If the latus-rectum through one focus of a hyperbola subtends a right angle at the farther vertex, then write the eccentricity of the hyperbola.

Answer 1

The standard equation of hyperbola is given below:
$\frac{x^2}{a^2}-\frac{y^2}{b^2}=1$

Let the latus rectum be QR, which passes through one of the focus. QR subtends a right angle at point P.

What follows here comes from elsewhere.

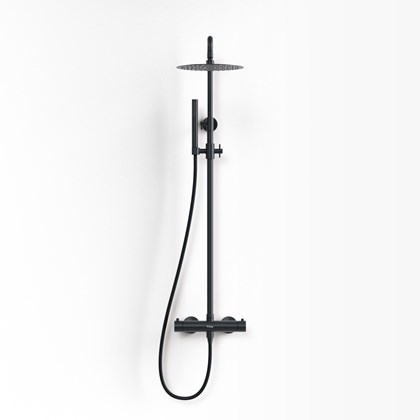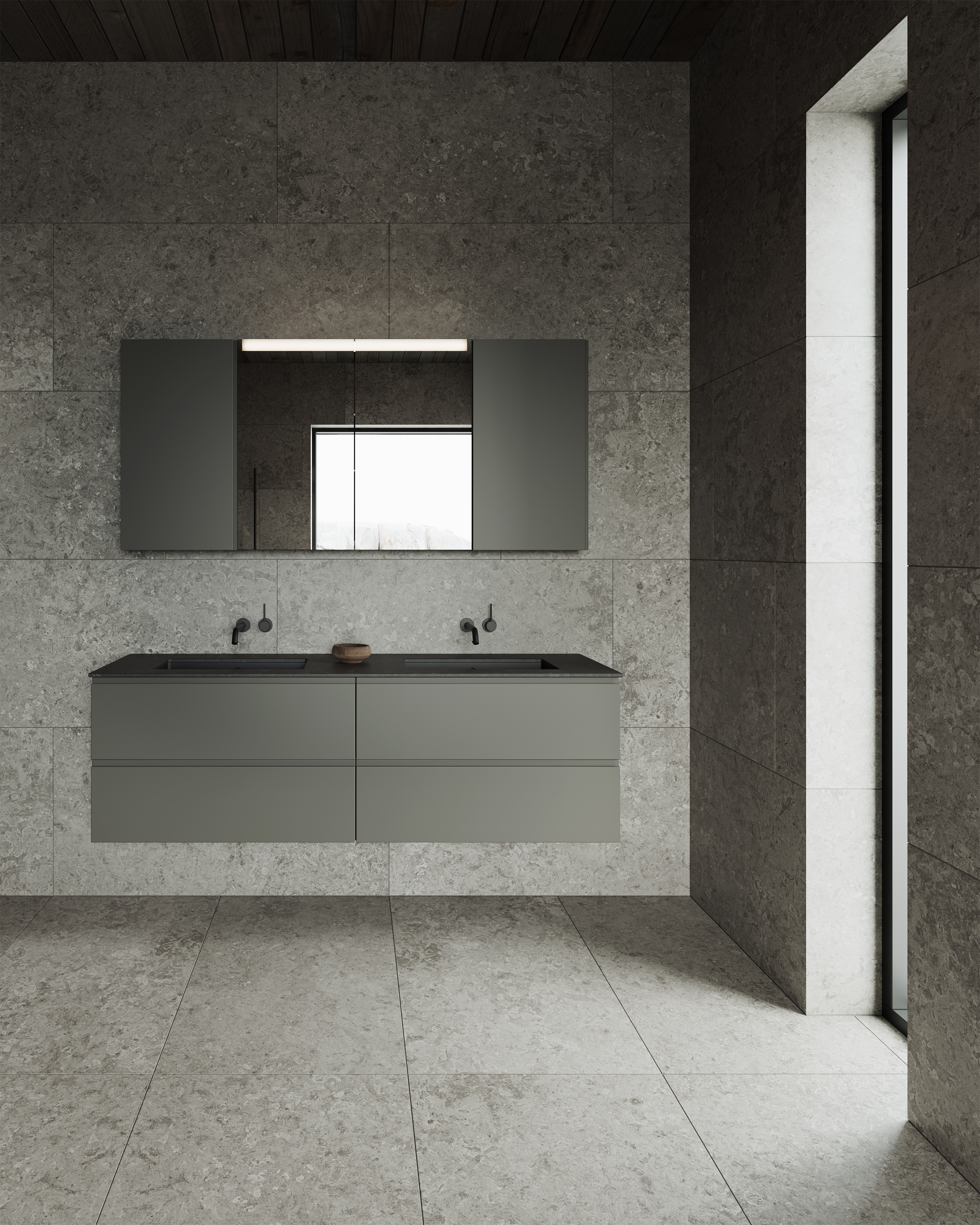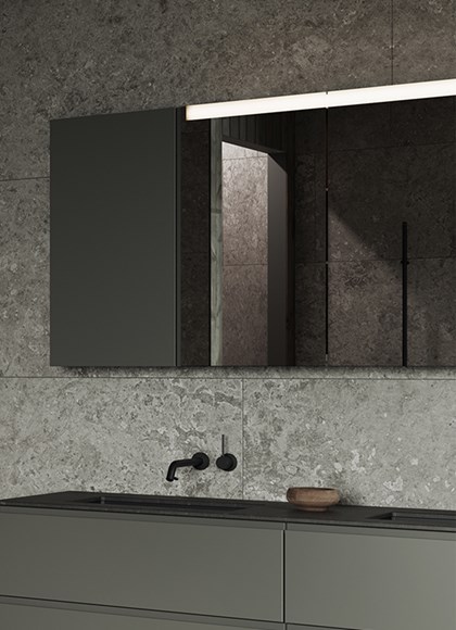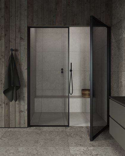 Slate omfavner det mørke, dramatiske og dempede. Her møtes granittkeramikk i dype grå toner, røkfarget glass og mattsvarte metaller i en palett som utstråler nordisk ro med en sofistikert twist Granittkeramikken Alvaret Slate – inspirert av ölandske kalksteinsformasjoner – har et teksturrikt uttrykk med naturlige variasjoner som forsterkes i samspillet mellom lys og skygge. Resultatet er et baderom preget av finstemte kontraster, der hver flate bærer en følelse av både tyngde og avskallet eleganse.

It passes through the focus $\left(ae,\pm y\right)$.
$$\begin{gathered} \therefore \frac{{\left(ae\right)}^2}{a^2}-\frac{y^2}{b^2}=1 \\ \Rightarrow \frac{y^2}{b^2}=\frac{{\left(ae\right)}^2}{a^2}-1 \\ \Rightarrow \frac{y^2}{b^2}=e^2-1 \\ \Rightarrow y=\pm b\sqrt{e^2-1} \end{gathered}$$
Now, the slope of PQ is $\frac{b\sqrt{e^2-1}}{ae+a}$ and the slope of PR is$-\frac{b\sqrt{e^2-1}}{ae+a}$.
The lines PQ and PR are perpendicular, so the product of the slope is $-1$.

$$\begin{gathered} \Rightarrow \frac{b\sqrt{e^2-1}}{ae+a}\times \frac{-b\sqrt{e^2-1}}{ae+a}=-1 \\ \Rightarrow b^2\left(e^2-1\right)={\left(ae+a\right)}^2 \\ \Rightarrow b^2\left(e^2-1\right)=a^2{\left(e+1\right)}^2 \\ \Rightarrow {\left(e^2-1\right)}^2={\left(e+1\right)}^2 \\ \Rightarrow e^4-2e^2+1=e^2+2e+1 \\ \Rightarrow e^4-3e^2-2e=0 \\ \Rightarrow e\left(e^3-3e-2\right)=0 \\ \Rightarrow e\left(e-2\right)\left(e+1\right)\left(e+1\right)=0 \end{gathered}$$

∴ $e=0,-1,2$

The value of e can neither be negative nor zero.

Therefore, the value of eccentricity is 2.